#### [Dataset records]
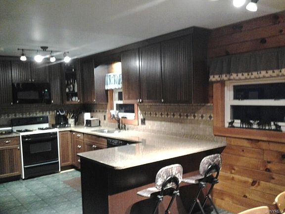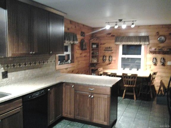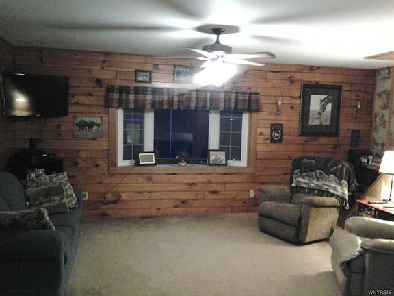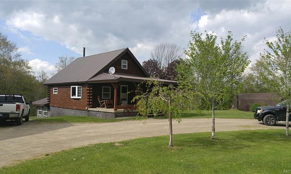 Scenic setting for this log home with country charm. Offers 8 acres, surrounded by Catt Creek and Elton Creek on property. This home is all Arcade electric with a newer wood furnace (pellet opt.) for add'l heat source. Updated kitchen (2015) with ceramic tile backsplash and quartz counter tops, soft close cabinets, includes appliances. First floor bedroom with plenty of storage. Upstairs redone (2015) with beautiful tongue & groove wood, foam insulation. Room to grow with the full, walkout, basement, 9 ft. ceilings, would make great rec room, add'l bedroom, etc.. and has access to large Jacuzzi (2012), . Barn 24x24 w/ 3 loafing stalls, water, elec., pasture. Garage/work shop is mechanics dream, 36x36 with 2 large overhead doors, insulated with woodstove. Wood shed 10x20, with next years wood supply. All structures have metal roofs. 2nd, larger Barn with 3 tie-stalls, hay loft. Woods leading to trails to ride snowmobiles and ATV, horses...100% Money back Guarantee program
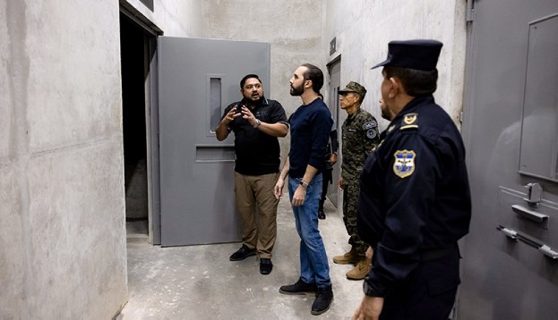El presidente de El Salvador Nayib Bukele inspeccionando la nueva megacárcel
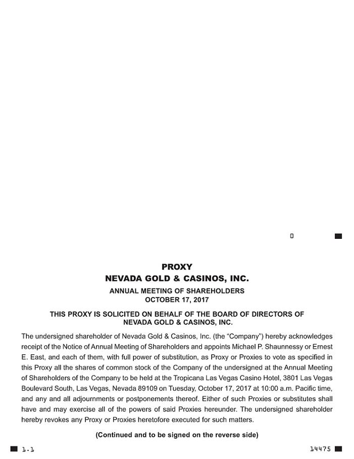 | PROXY NEVADA GOLD & CASINOS, INC. ANNUAL MEETING OF SHAREHOLDERS OCTOBER 17, 2017 THIS PROXY IS SOLICITED ON BEHALF OF THE BOARD OF DIRECTORS OF NEVADA GOLD & CASINOS, INC. The undersigned shareholder of Nevada Gold & Casinos, Inc. (the “Company”) hereby acknowledges receipt of the Notice of Annual Meeting of Shareholders and appoints Michael P. Shaunnessy or Ernest E. East, and each of them, with full power of substitution, as Proxy or Proxies to vote as specified in this Proxy all the shares of common stock of the Company of the undersigned at the Annual Meeting of Shareholders of the Company to be held at the Tropicana Las Vegas Casino Hotel, 3801 Las Vegas Boulevard South, Las Vegas, Nevada 89109 on Tuesday, October 17, 2017 at 10:00 a.m. Pacific time, and any and all adjournments or postponements thereof. Either of such Proxies or substitutes shall have and may exercise all of the powers of said Proxies hereunder. The undersigned shareholder hereby revokes any Proxy or Proxies heretofore executed for such matters. (Continued and to be signed on the reverse side) 1.1 14475 |
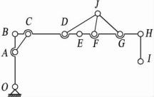 根據(jù)使用工況,為適用于底盤行駛,鶴管初始位置為折疊水平放置,其桿OB與桿BE重合,桿BE與桿EH重合,桿HI為垂管,采用手動折放,在計算中不考慮。在設計中,可先根據(jù)鶴管作業(yè)范圍初步選型,確定各節(jié)長度,結合現(xiàn)有成熟液壓油缸的尺寸,在Solid-Works軟件的草繪中進行模擬計算。在模擬計算后可初步定出幾種設計方案,供后分析計算。
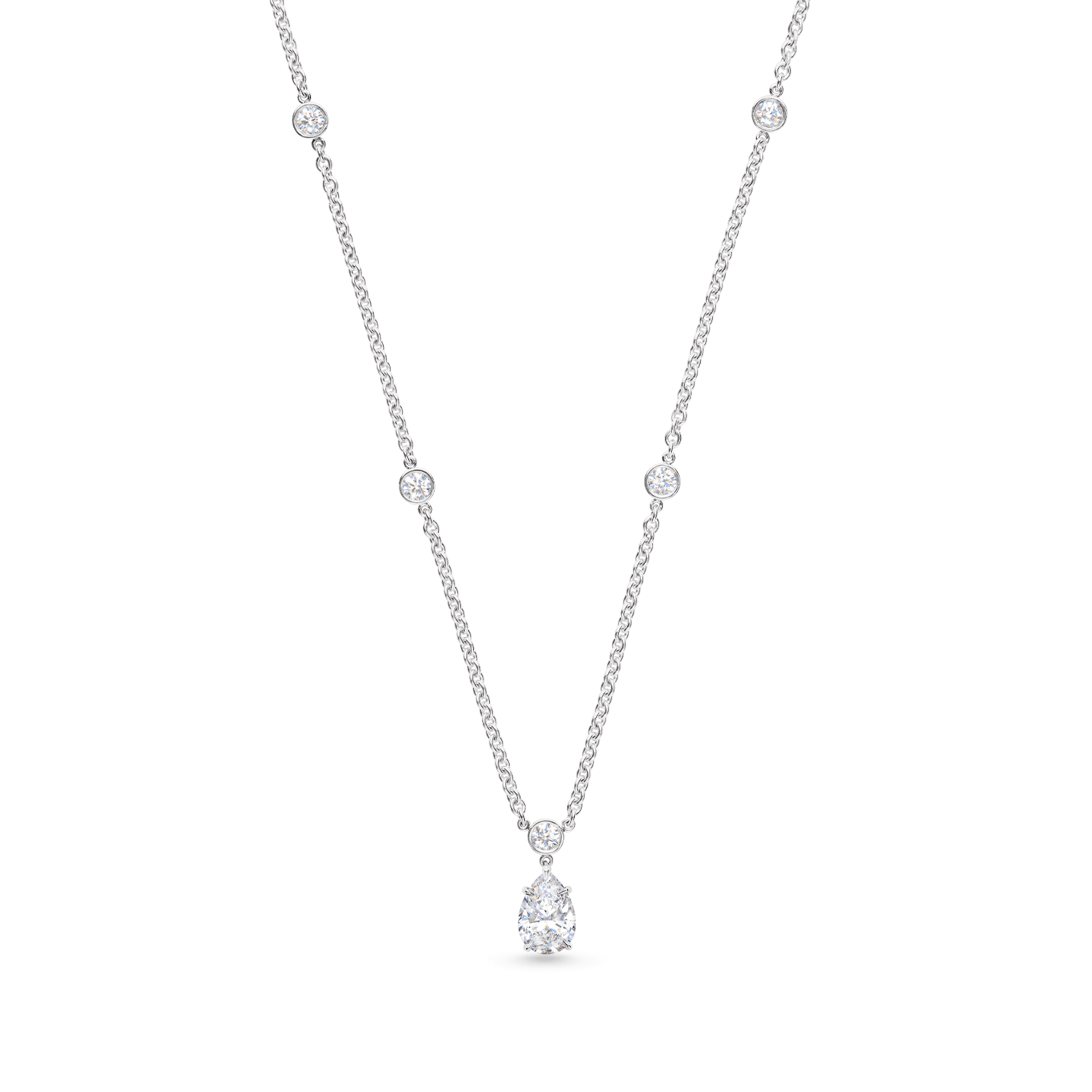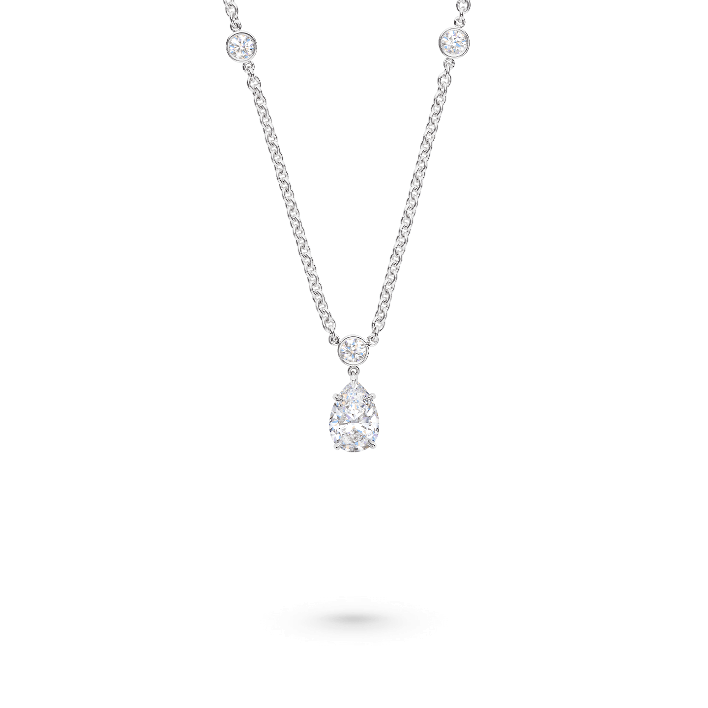 單顆水滴型切工鑽滴鏈墜,重量由2.00克拉至2.24克拉,搭配鑲嵌著9顆圓形明亮式切工鑽石的Rondelle鉑金項鍊上。
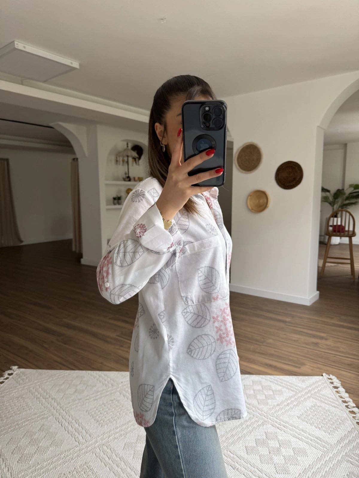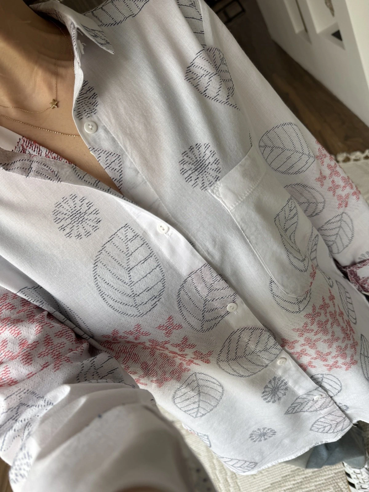 RENKLİ DOKU İŞLEME PAMUK VİSKON SALAŞ GÖMLEK – BEYAZ-KIRMIZI

#### [Task brief]
Repeat exactly the lines from the first line of the records above through the line containing "El presidente de", both included. Leave out the pictures.

#### [Result of this task]
 Scenic setting for this log home with country charm. Offers 8 acres, surrounded by Catt Creek and Elton Creek on property. This home is all Arcade electric with a newer wood furnace (pellet opt.) for add'l heat source. Updated kitchen (2015) with ceramic tile backsplash and quartz counter tops, soft close cabinets, includes appliances. First floor bedroom with plenty of storage. Upstairs redone (2015) with beautiful tongue & groove wood, foam insulation. Room to grow with the full, walkout, basement, 9 ft. ceilings, would make great rec room, add'l bedroom, etc.. and has access to large Jacuzzi (2012), . Barn 24x24 w/ 3 loafing stalls, water, elec., pasture. Garage/work shop is mechanics dream, 36x36 with 2 large overhead doors, insulated with woodstove. Wood shed 10x20, with next years wood supply. All structures have metal roofs. 2nd, larger Barn with 3 tie-stalls, hay loft. Woods leading to trails to ride snowmobiles and ATV, horses...100% Money back Guarantee program
El presidente de El Salvador Nayib Bukele inspeccionando la nueva megacárcel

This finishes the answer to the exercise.